How many did you experience growing up? Here’s what we know about your ACE scores:
Nearly 2 in 3 adults have at least one and if you have one, there’s an 87% chance that you have two or more.
- The more ACEs you have, the greater the risk for later problems.
- An ACE score of 1 triples your risk of later alcohol problems. 4 Aces increases your risk 7 times more than people with no ACEs.
- The more ACEs as a child, the more depression as an adult. 60% of women with 4 ACEs suffer from depression.
- 2% of people with no ACEs attempt suicide. Nearly 20% of people with 4 ACEs attempt suicide.
- The more ACEs you have, the more likely you are to have many sexual partners. With three or more ACEs you are 3 times more likely to have 50 or more partners than if you have no ACEs.
- The more ACEs you have, the more likely you are to be in an abusive relationship. With 4 ACEs you are 4.5 times more likely to be with a physically violent partner.
- The more ACEs you have the more likely you are to suffer from the 10 most common causes of death including smoking, obesity, depression, alcoholism, and drug abuse.
- The more ACEs you have the more likely you’ll have problems that undermine your marriage and harm your children, unless you take time to heal.
Of course, the ten Adverse Childhood Experiences which were originally studied aren’t the only traumas that can harm your relationship, your health, your well-being, and your life. Even so called microtraumas can have lasting effects. Being sick as a child, losing connection with a close friend, having a pet die, being put down by a sibling, being left alone even for a short time, and being teased; all can impact our adult relationships.
These traumatic experiences can seem like “no big deal.” It’s difficult for us to believe that something that happened 20, 30, or 40 years ago can still cause significant problems as adults. We tend to minimize these events or forget them altogether.
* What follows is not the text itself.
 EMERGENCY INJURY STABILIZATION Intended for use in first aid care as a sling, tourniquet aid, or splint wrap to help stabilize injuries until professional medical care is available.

Sometimes it’s the smallest of events that can have the most lasting effect.
“This is why we say these microtraumatic events can be even more insidious than full-blown traumas,” say psychologists George Pratt and Peter Lambrou in their book Code to Joy, “precisely because they hide behind the veneer of innocent insignificance.”
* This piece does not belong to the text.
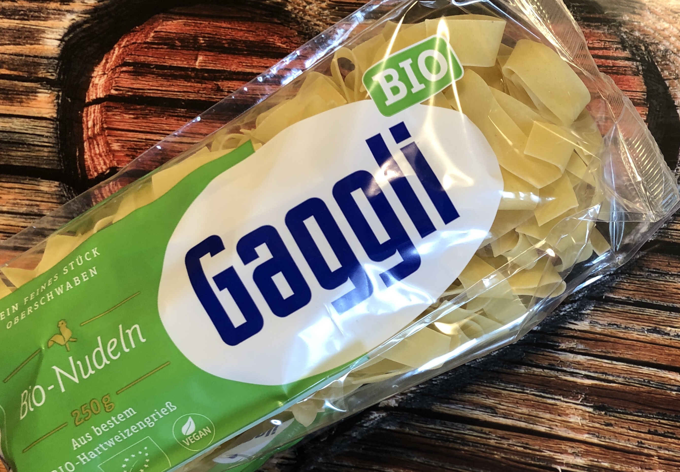 Mittags gibts schnelle Küche. Glücklicherweise hat meine Lieblingsnudelfirma (bei der zufällig mein Bruder arbeitet) auch vegane Bio- Bandnudeln im Sortiment.

It shouldn’t surprise us that if we have trauma during the early years of our lives in our first family, we are likely to have reverberations in our adult families. This is called “traumatic resonance.” When we pluck the low E-string on a guitar, the high E-string vibrates along with it. A similar thing happens in relationships.
When my wife seems to withdraw, it resonates with old feelings of abandonment and fear and I react with irritation and anger. My anger resonates with my wife’s early experiences growing up with an abusive father. She closes down to protect herself and our relationship suffers as a result. Trauma leads to more trauma and we end up fighting or withdrawing.
Our unhealed childhood traumas can lead to behaviors that can become ACEs for our own children and the terrible cycle continues. But once we recognize these “shadows from the past,” we can heal old wounds and keep our marriages alive and well and help our children grow up with few or no ACEs. Think what that will do for the well-being of the world.